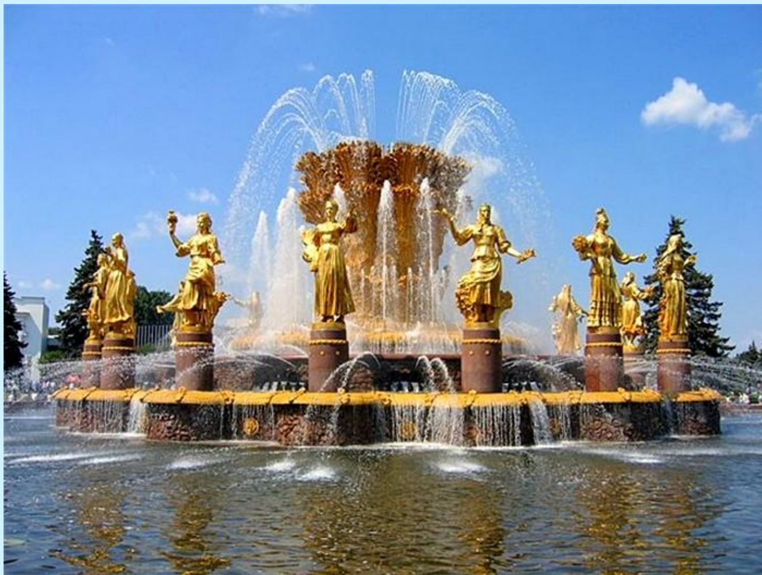
Фонтан “Дружбы народов”
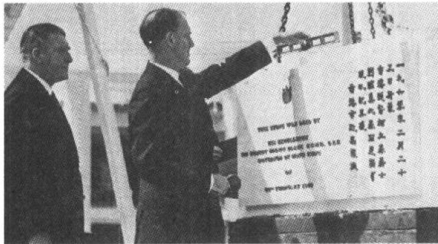
1960年2月，港督柏立基为大会堂主持奠基礼
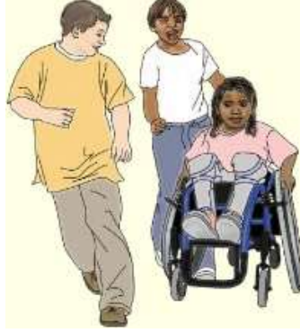
Şekil 3.9: Gruptaki çocukların, özel gereksinimli çocuğa yardım etmelerini sağlayan oyunlar

sandalyedeki arkadaşını iterek kendi grubuna ait oyuncak kovasına belli sürede taşımaya çalışacaktır. Bu oyunda tekerlekli sandalyedeki grup elemanları, gruba ait oyuncakları taşıma ve kovaya atma görevini üstlenir. Süre dolduğunda hangi grubun kovasında daha çok oyuncak varsa o grup kazanır.
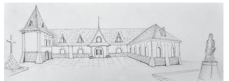
Ескіз реконструкції кляштора

політика та полководця Миколи Потоцького та його дружини Софії.
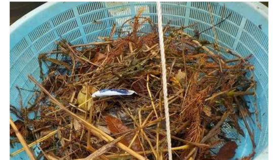
ゴミの種類 (草木、菓子袋等 (1/18 調査))
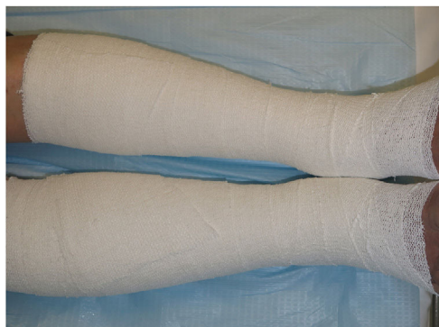
Figura 3 Bota de Unna.
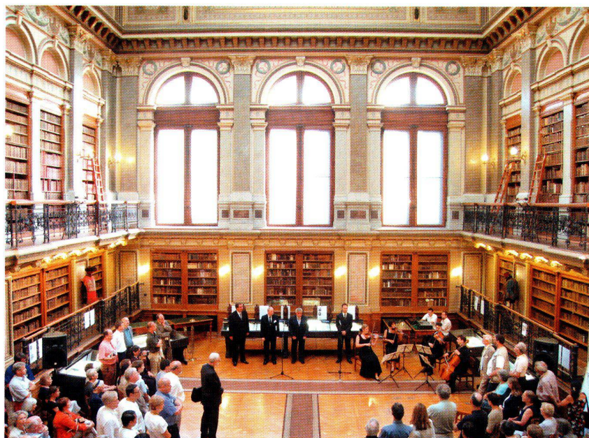
Musikalische Umrahmung zur Eröffnung der Kartenausstellung in der Eötvös Loránd Universitätsbibliothek in Budapest.
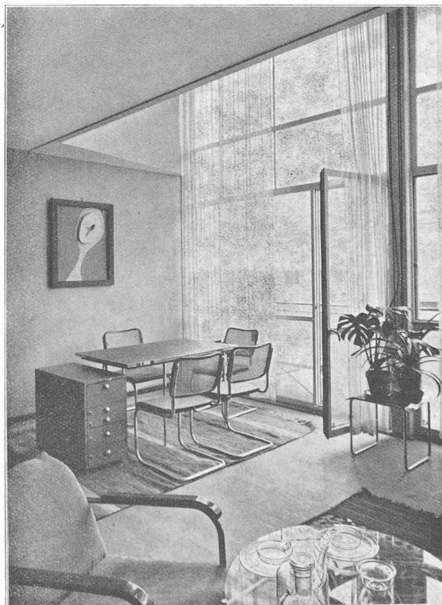
Studio dans la maison de verre, de Le Corbusier , à Genève.

Dès que nous pénétrâmes dans le second bâtiment, au
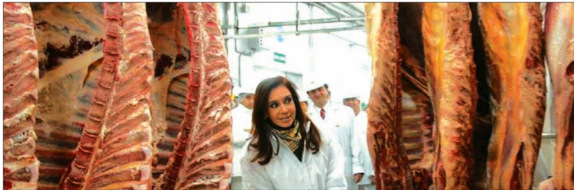
Los aumentos de la carne llegaron para quedarse. Después del derrumbe de los controles oficiales, hay que defender sobre todo el salario.

La inflación está empujada, también, por las tasas astronómicas de interés, que es también el resultado de la bancarrota del Estado, que financia el pago de la deuda pagando intereses usura-
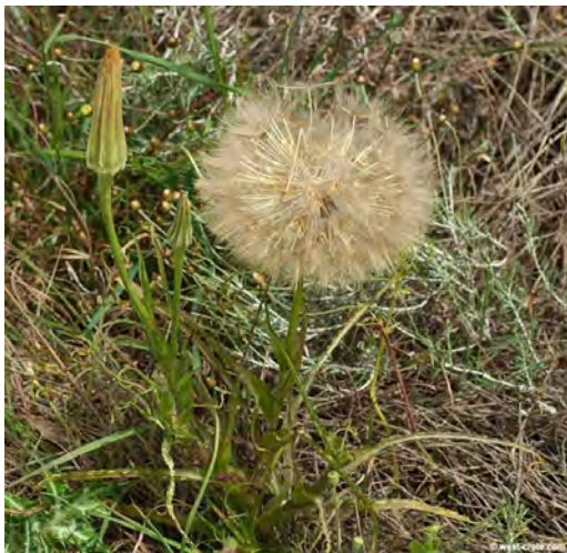
Tragopogon sinuatus. Ξεπούλιασμα άνθους (Πρωτότυπη εικόνα)

( http://www.west-crete.com/flowers/tragopogon_sinuatus.htm )

______

**Requirement**
When a line of the records holds the word "dans", copy that line.

**Reply**
Studio dans la maison de verre, de Le Corbusier , à Genève.
Dès que nous pénétrâmes dans le second bâtiment, au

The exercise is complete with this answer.